The irony of fear and hunger

PTSD sees danger everywhere. The health of PTSD sufferers becomes injured by the unrelenting excess of stress such hyper-vigilance produces in a body.

The right-wing 's insistence on seeing the nation's economics as based on unrelenting and insatiable scarcity, and on seeing the nation's politics as based on imminent, clear and present danger drives the society into a stressed-out state that is a kind of national PTSD.

What allows people to believe in their own safety and abundance is a faith in divine providence. A national PTSD is like the loss of faith in divine providence. Lose faith in divine providence and it makes people believe they need to feed themselves all the time; and it makes them spend their waking moments looking over their shoulders for the enemies lurking in the shadows. National PTSD results in a people that becomes obese and terrified.

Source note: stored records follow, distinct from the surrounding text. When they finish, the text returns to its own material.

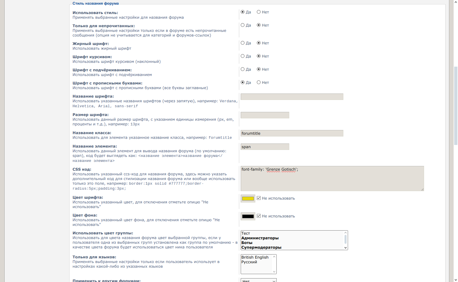 /ext/ppk/stylizedforumtitle/styles/prosilver/template/event/overall_header_head_append.html с кодом подключения), создать css класс, этот класс использовать в стиле форума или прямо указать css код, главное подключить шрифтPPK
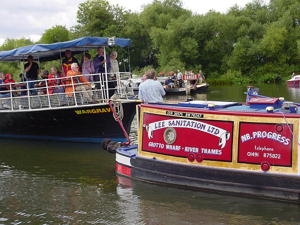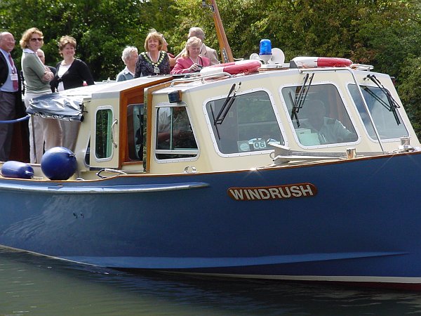 The whole affair was total chaos and great fun in the strong cross-wind, especially with a Salters steamer holding station in the middle of it all (and getting very close to Chris Coburn on 'Progress'). I must again offer my apologies to the rowing boat that our prop-wash sent under the trees.
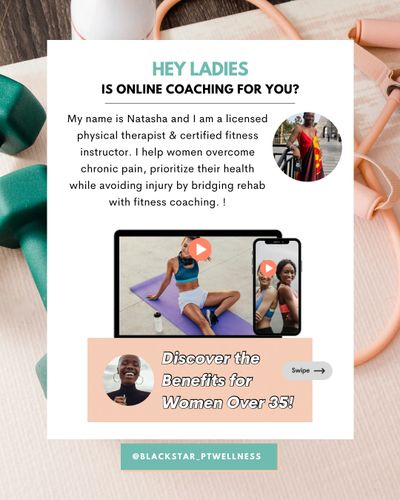 Through Black Star PT Wellness, my online fitness programs focus on strength training, joint health, and injury prevention, particularly for busy women over 30. Whether you’re new to strength training or seeking a structured system to support your fitness journey, my programs provide a safe, sustainable path to achieving your goals.
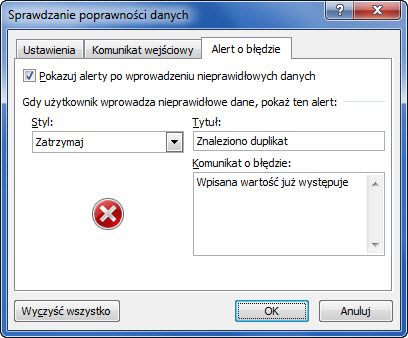 • na karcie Alert o błędzie określić komunikat, jaki zostanie wyświetlony w chwili gdy do komórki zostanie wprowadzona zawartość, która już istnieje w innej komórce:
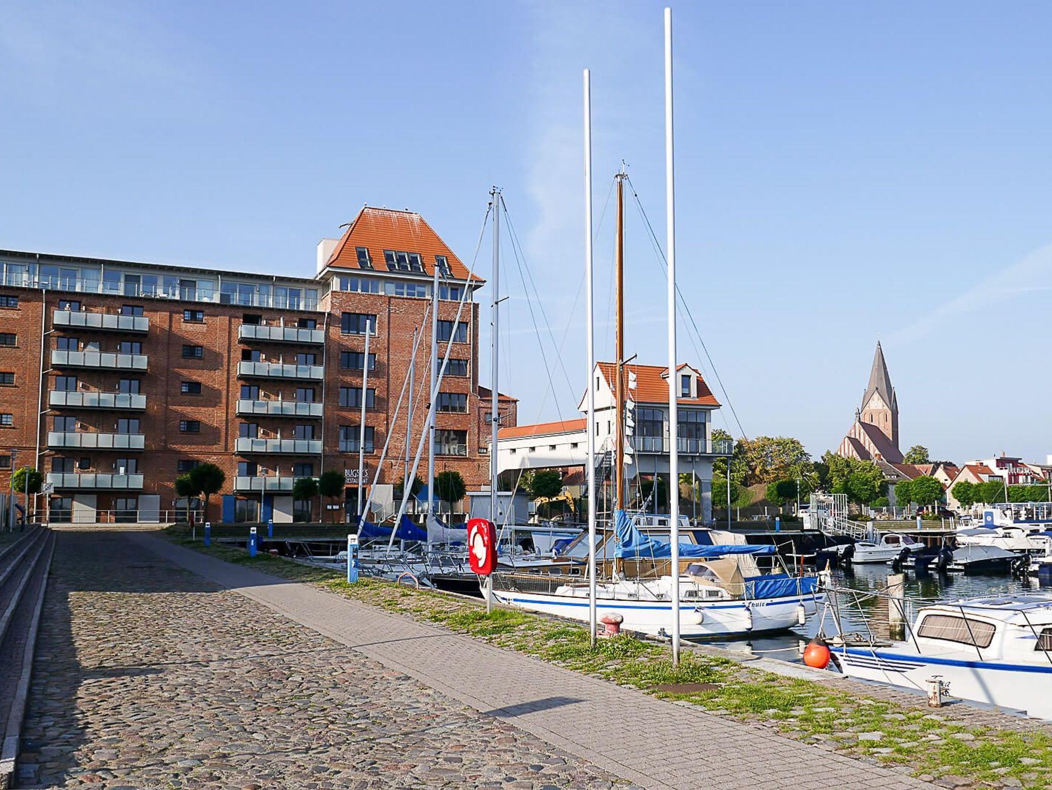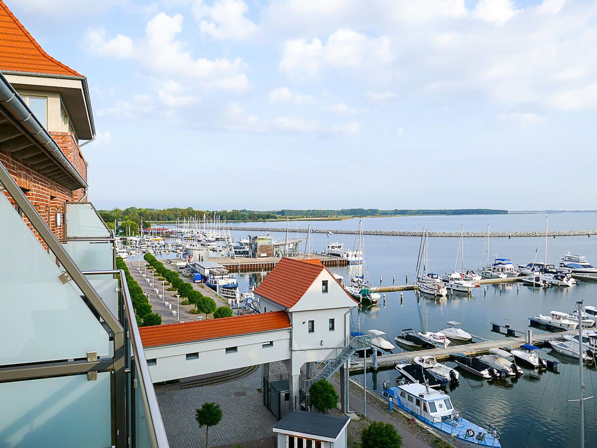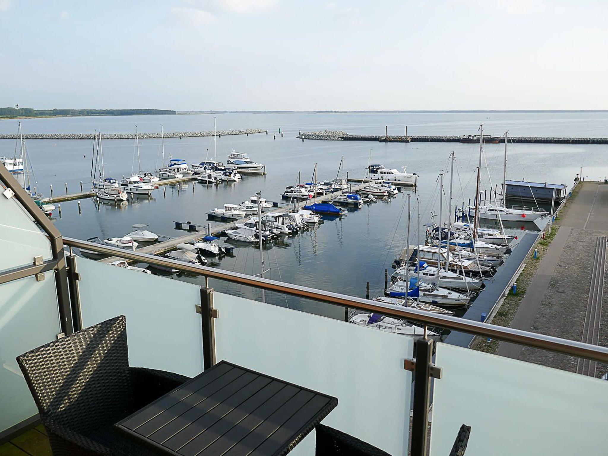 Vom Balkon haben Sie einen unverbauten Blick auf den Barther Hafen und können bei gutem Wetter Ihren Blick sogar bis nach Zingst schweifen lassen. Der Balkon verfügt über Sitzmöglichkeiten für 2 Personen und einen kleinen Tisch.
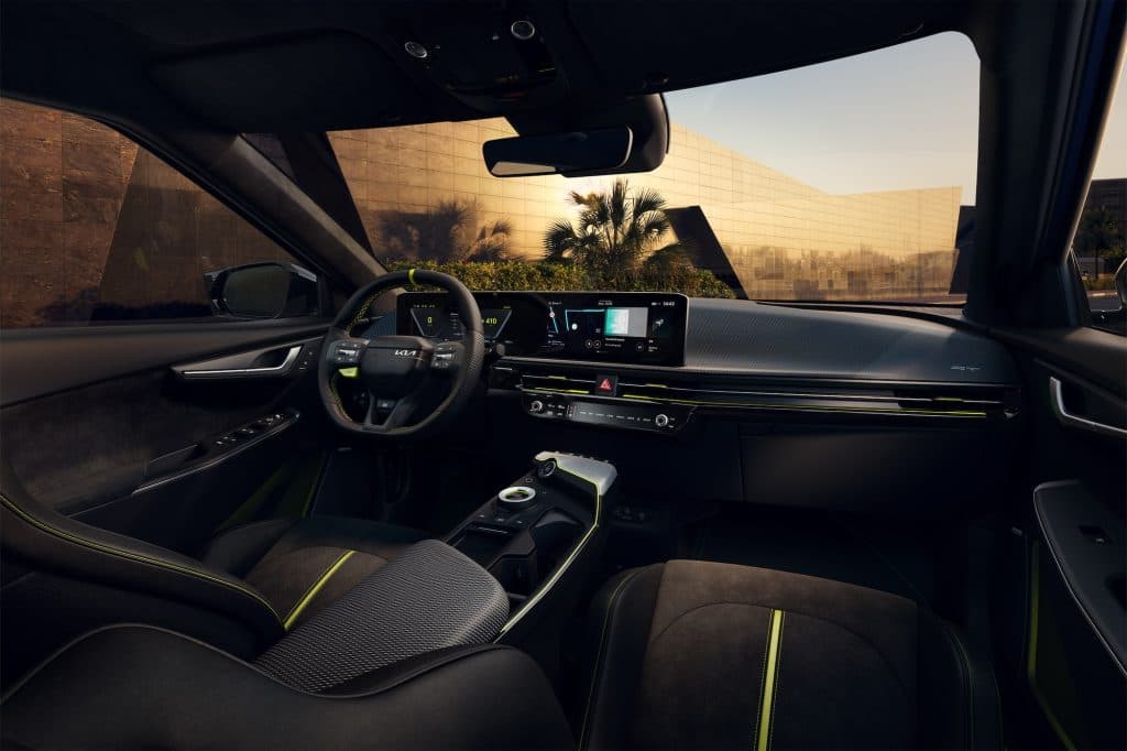 Både utanpå och inuti finns det flera saker som gör att GT-versionen sticker ut. Bland annat har stötfångarna, grillen och diffusorn fått ett råare uttryck. Den neongröna färgen från bromsoken går igen i interiören, på de skålande sätena i mocka samt på ratten, där den neongröna GT-knappen lockar med att frigöra bilens fulla potential.

A people that loses faith in divine providence develops the a yearning for strong leadership--a leadership that must be allowed, nay, even encouraged, to do whatever it takes to sustain the excess consumption and to secure their (what they perceive to be) vulnerable borders. To accomplish those objectives, the leaders encourage the people to violate the boundaries of the gifts of divine grace and bounty. The nation is driven to use up the creative fundament of the nation's productivity. That leads eventually to the exhaustion of the society and the ultimate collapse of its civilization and the values it promotes.

A nation that lives in a state of unrelenting fear and hunger will collapse under the weight of its own stresses and distresses.